Aim of the exercise:
What you should give back is every line from the one containing "Givenchy knit vest" through the last line of the records below, word for word and without pictures.

***

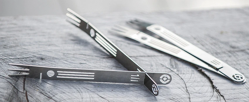 Dies ist eine Grillzange, oder es sind zwei Gabeln mit packfreundlichem Maß… Eine Schweizer Idee, und auch noch in der Schweiz hergestellt. Eine sehr nützliche und vielseitige Idee!
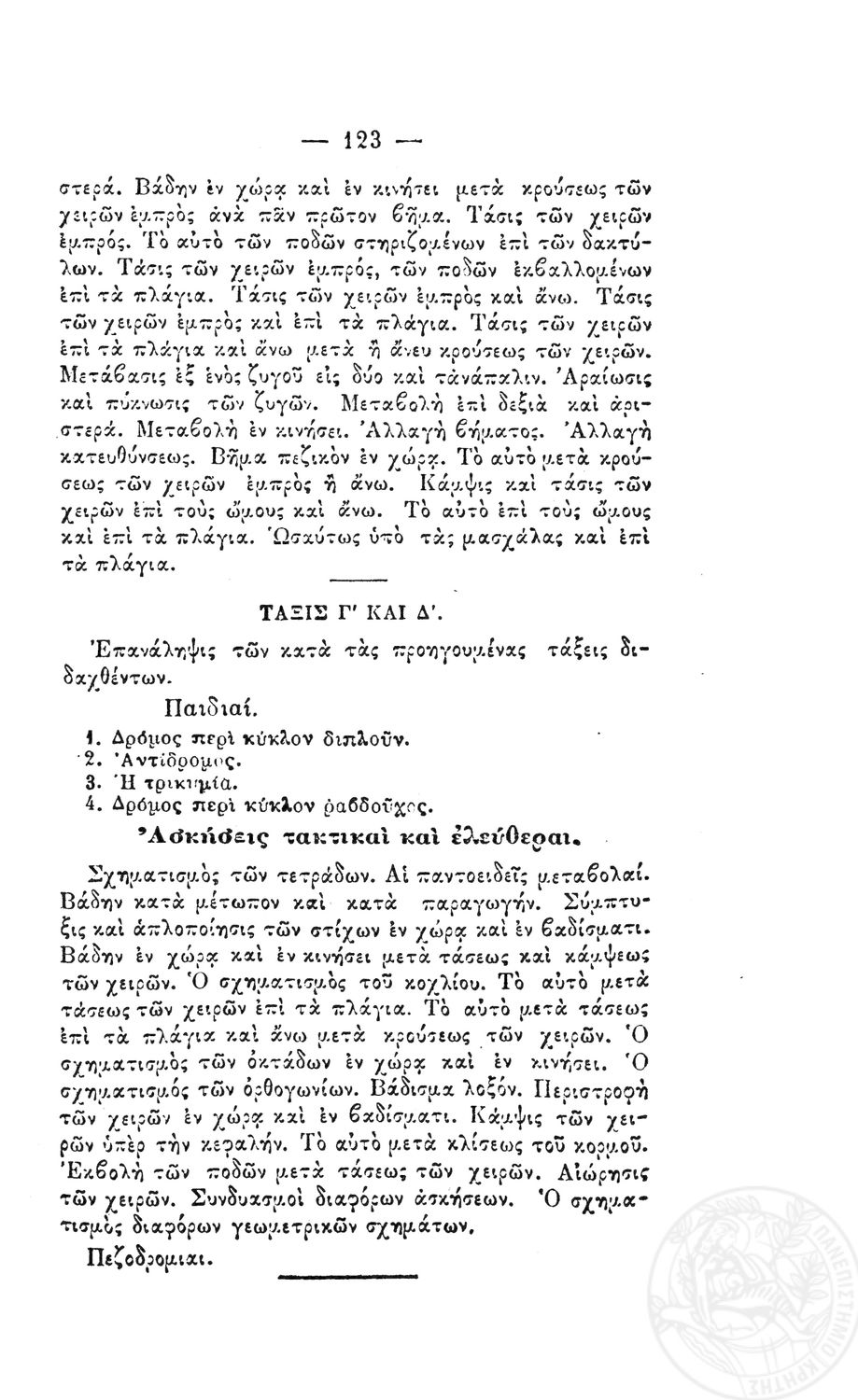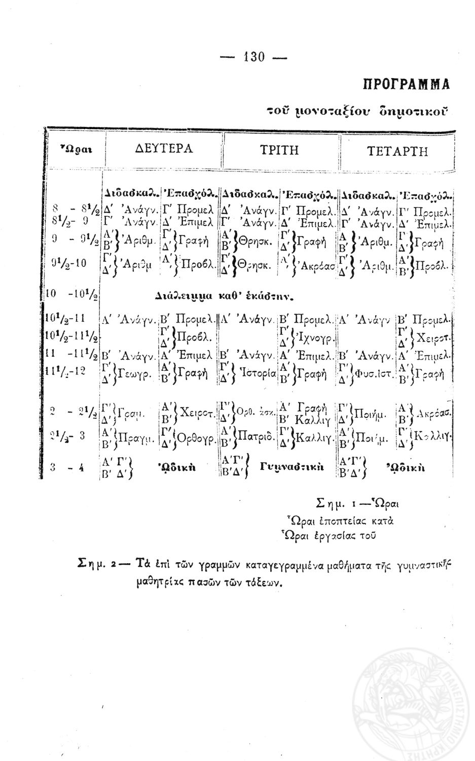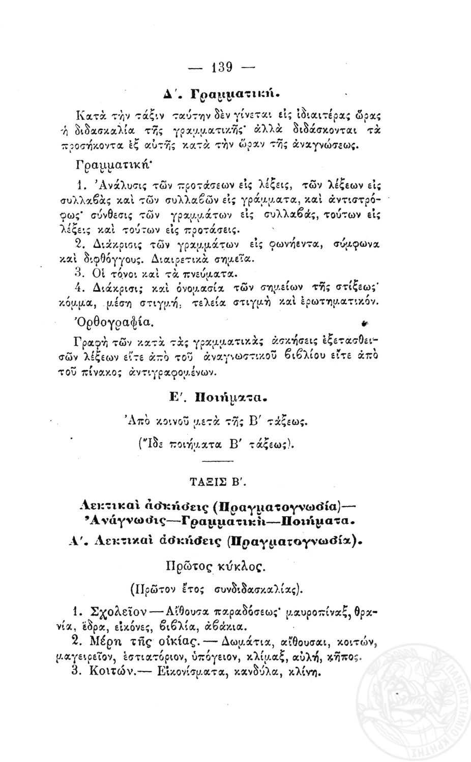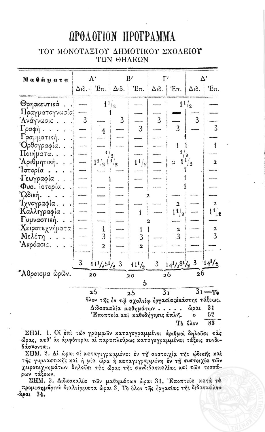 Β.Δ. Περί προγραμμάτων των μονοταξίων δημοτικών σχολείων των αρρένων
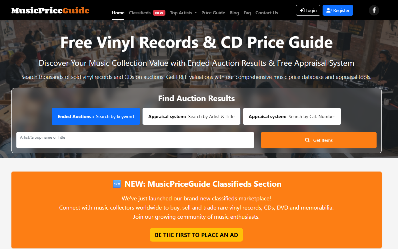 Piattaforma collezionismo musicale con database 3+ milioni di dati per valutazione vinili e CD online. Include sistema classifieds, monitoraggio aste eBay e strumenti professionali per collezionisti mercato USA.
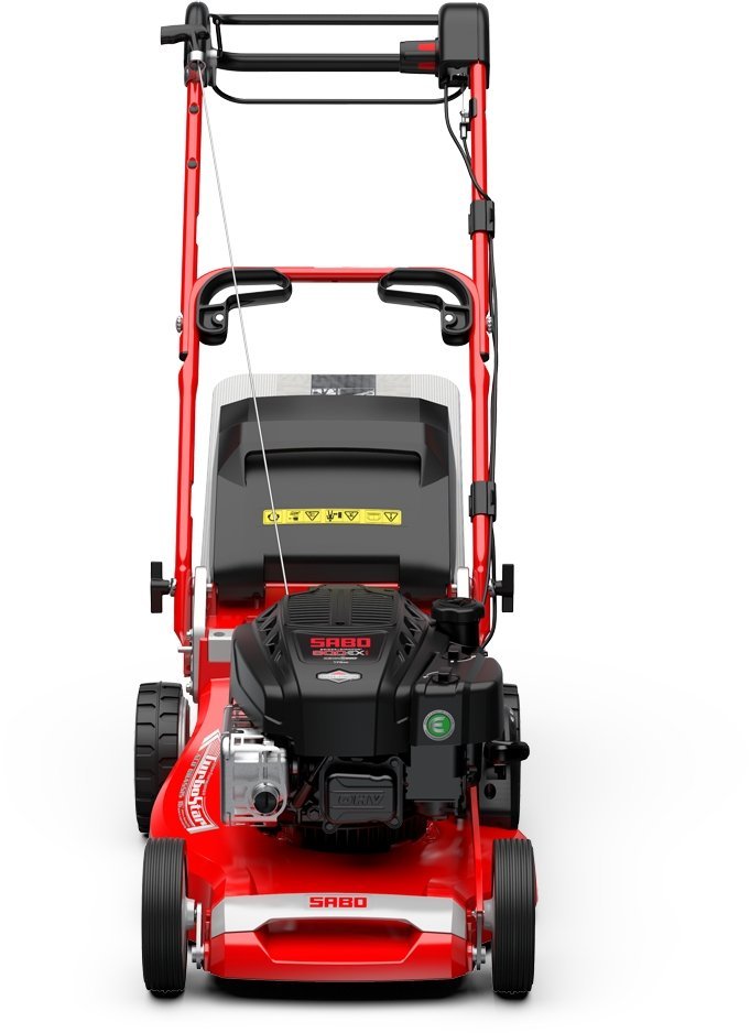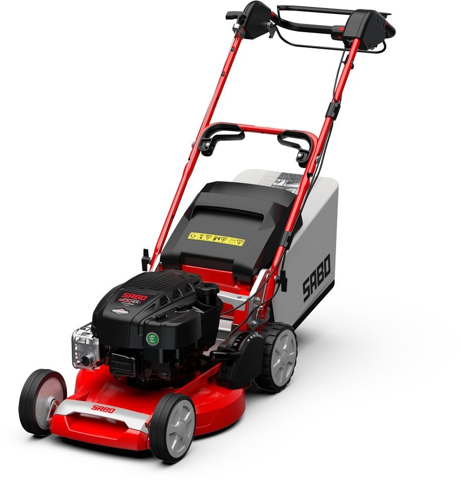 Komfortabler SABO Mäher mit zuschaltbarem und variablem Hinterradantrieb, der sich bequem vom Führungsholm aus bedienen lässt. Mit allen Ausstattungsmerkmalen eines echten SABO: Alu-Chassis, zentraler Schnitthöheneinstellung, verstellbarem Führungsholm und kräftigem Motor. Ein neues Konuskupplungsgetriebe ermöglicht ein dosierbares Einkuppeln des Antriebs und somit ein stufenloses, sanftes Anfahren durch das langsame Anziehen des Fahrantriebbügels.
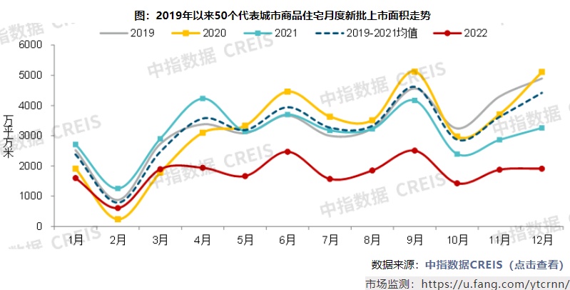 2022年,50个代表城市商品住宅新批上市面积同比下降超四成,市场销售疲软叠加部分城市疫情封控影响,房企推盘节奏放缓。据初步统计,2022年,50个代表城市商品住宅月均新批上市面积约1779万平方米,处2015年以来最低水平,同比下降超40%。具体来看,上半年重点城市供应端明显走弱,新批上市面积同比降幅超四成,6月房企积极推盘抢收回款,代表城市新批上市面积环比增长48.3%,同比降幅收窄超10个百分点。三季度房企推盘意愿再次走弱,新批上市面积同比下降43.9%。进入11月,在冲刺全年业绩目标下,房企加快项目供货节奏,50个代表城市新批上市面积环比有所增长。12月疫情形势愈发严峻,拖累房企供货节奏,新批上市面积同比降幅仍较大。
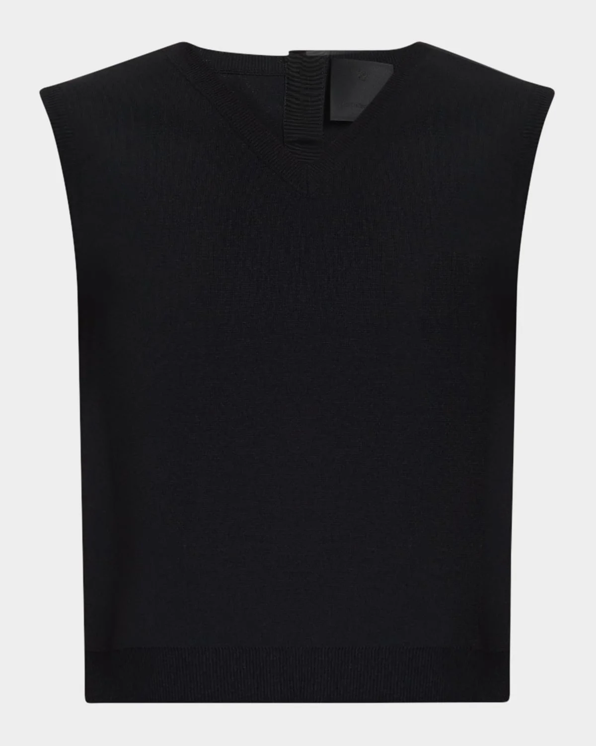 Givenchy knit vest featuring a buttonback detail V neckline Sleeveless Loose fit Ribbed hem Pullover style Viscose/nylon/polyamide/polyester Made in Italy
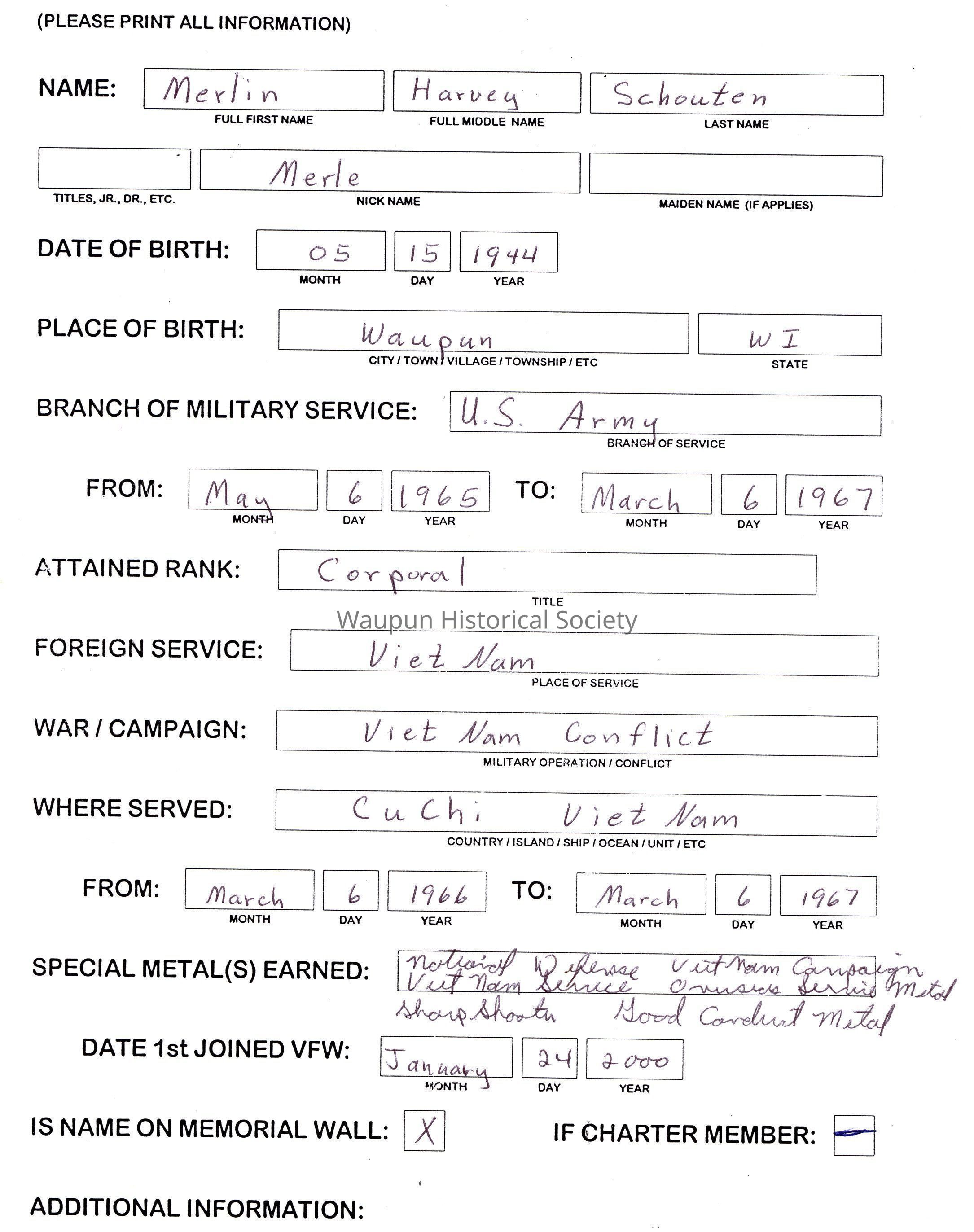Merlin was born May 15, 1944 in Waupun WI. He served in the U. S. Army from May 6, 1965 with the rank of Corporal. Merle served during the Viet Nam Conflict in Cuchi. He was discharged March 6, 1967.

***

Written response:
 Givenchy knit vest featuring a buttonback detail V neckline Sleeveless Loose fit Ribbed hem Pullover style Viscose/nylon/polyamide/polyester Made in Italy
Merlin was born May 15, 1944 in Waupun WI. He served in the U. S. Army from May 6, 1965 with the rank of Corporal. Merle served during the Viet Nam Conflict in Cuchi. He was discharged March 6, 1967.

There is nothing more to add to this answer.